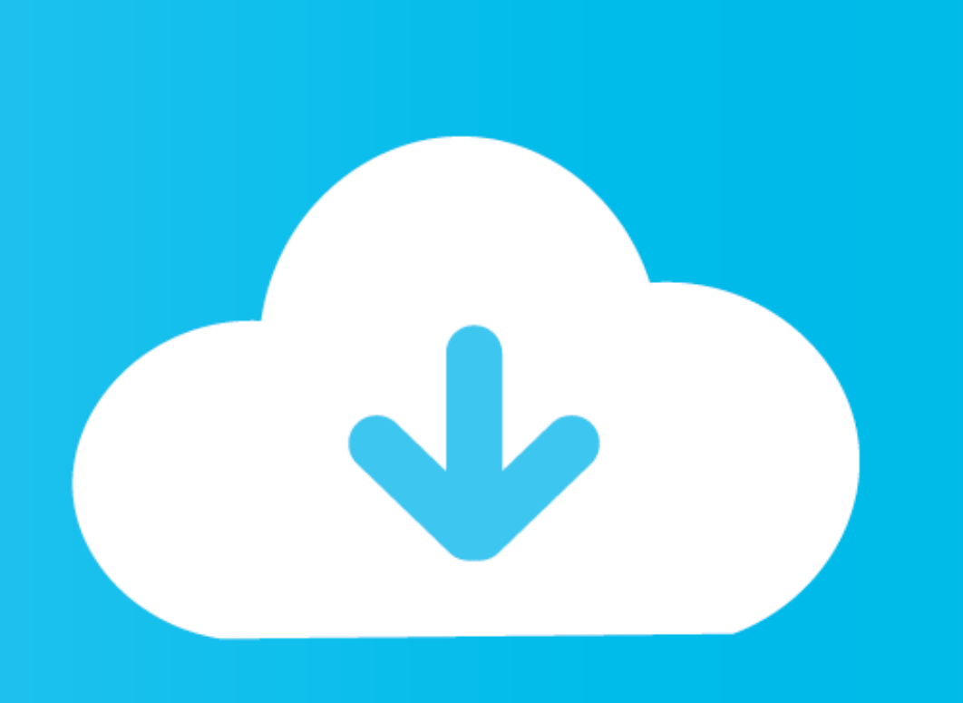
Call Of Duty 3 Highly Compressed Pc Game 148
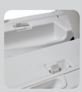
Clean Assist™ Roller System The retractable roller base allows you to easily and safely move the chair for cleaning.
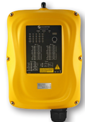
Flex EX 8/12 Receiver

For more information, contact your local Magnetek Sales Representative, radio.sales@magnetek.com , or the Magnetek location nearest you.
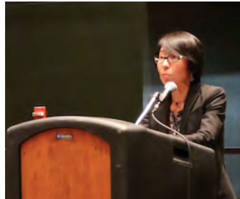
Acceptance Speech at ACTFL

________________________

__Instructions to follow__: Please print the entries shown above again, exactly, and skip the pictures.

__Solution to this exercise__:
Call Of Duty 3 Highly Compressed Pc Game 148
Clean Assist™ Roller System The retractable roller base allows you to easily and safely move the chair for cleaning.
Flex EX 8/12 Receiver

For more information, contact your local Magnetek Sales Representative, radio.sales@magnetek.com , or the Magnetek location nearest you.
Acceptance Speech at ACTFL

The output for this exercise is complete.